What this task involves »
Write down exactly the lines from the one below that has "2 этаж: холл" to the end of the data, both ends included; the pictures should not appear in your copy.

Dataset content »
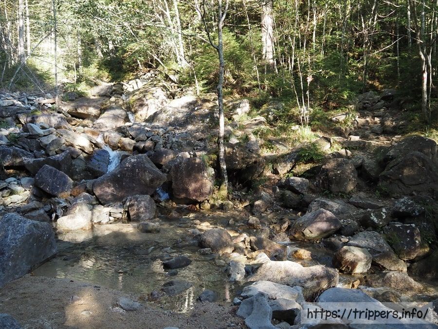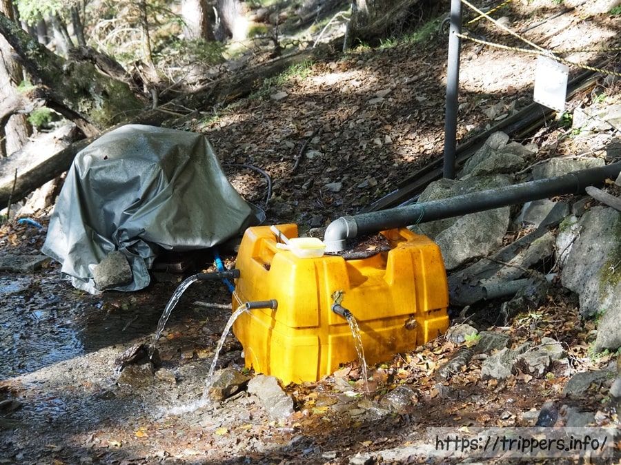 テント場直下にある水場まで来ました。水道水と違って美味しいですが、とにかく冷たいです。お腹が弱い人は一度沸騰させた方が良いと思います。
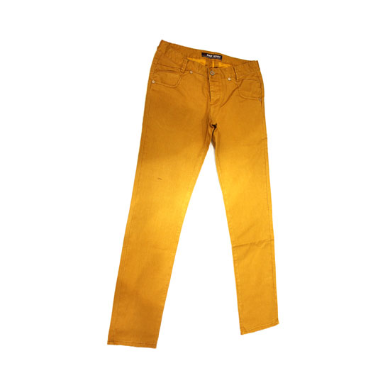 This is a pair of men's jeans in bright orange. It is a made with excellent workmanship and exquisite details. This pair of jeans goes well with different kinds of tops for a fashionable look.
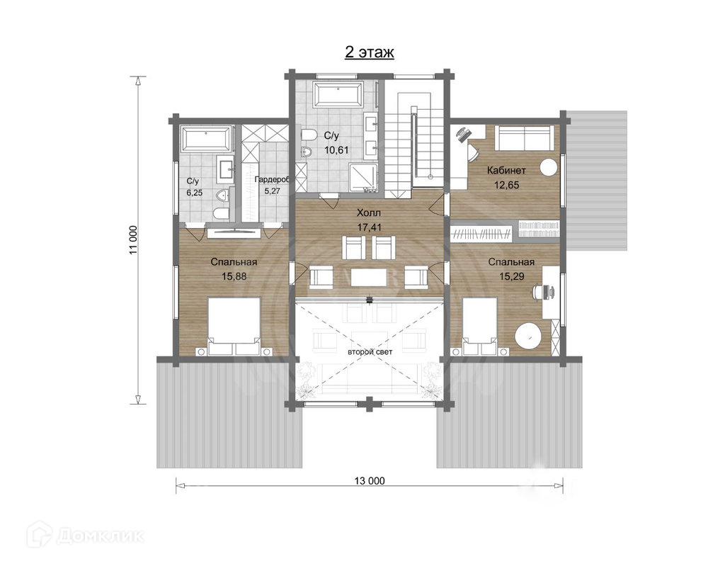 2 этаж: холл (17,41 м²), мастер-спальня (15,88 м²) с санузлом (6,25 м²) и гардеробом (5,27 м²), спальня (15,29 м²), кабинет (12,65 м²), санузел (10,61 м²), второй свет.
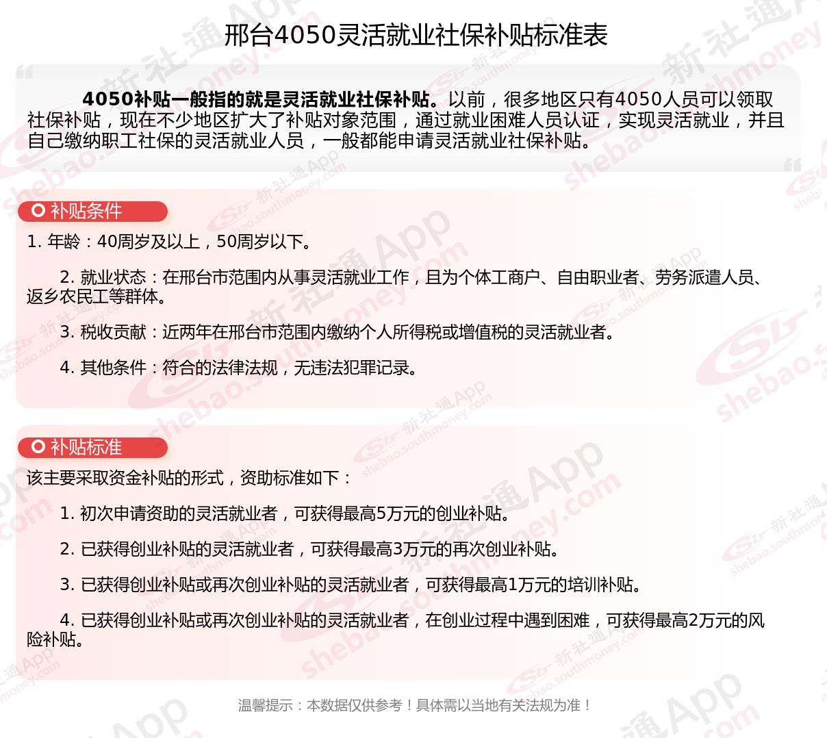二、2025年邢台4050社保补贴标准及条件,最新如下:

Response area »
 2 этаж: холл (17,41 м²), мастер-спальня (15,88 м²) с санузлом (6,25 м²) и гардеробом (5,27 м²), спальня (15,29 м²), кабинет (12,65 м²), санузел (10,61 м²), второй свет.
二、2025年邢台4050社保补贴标准及条件,最新如下:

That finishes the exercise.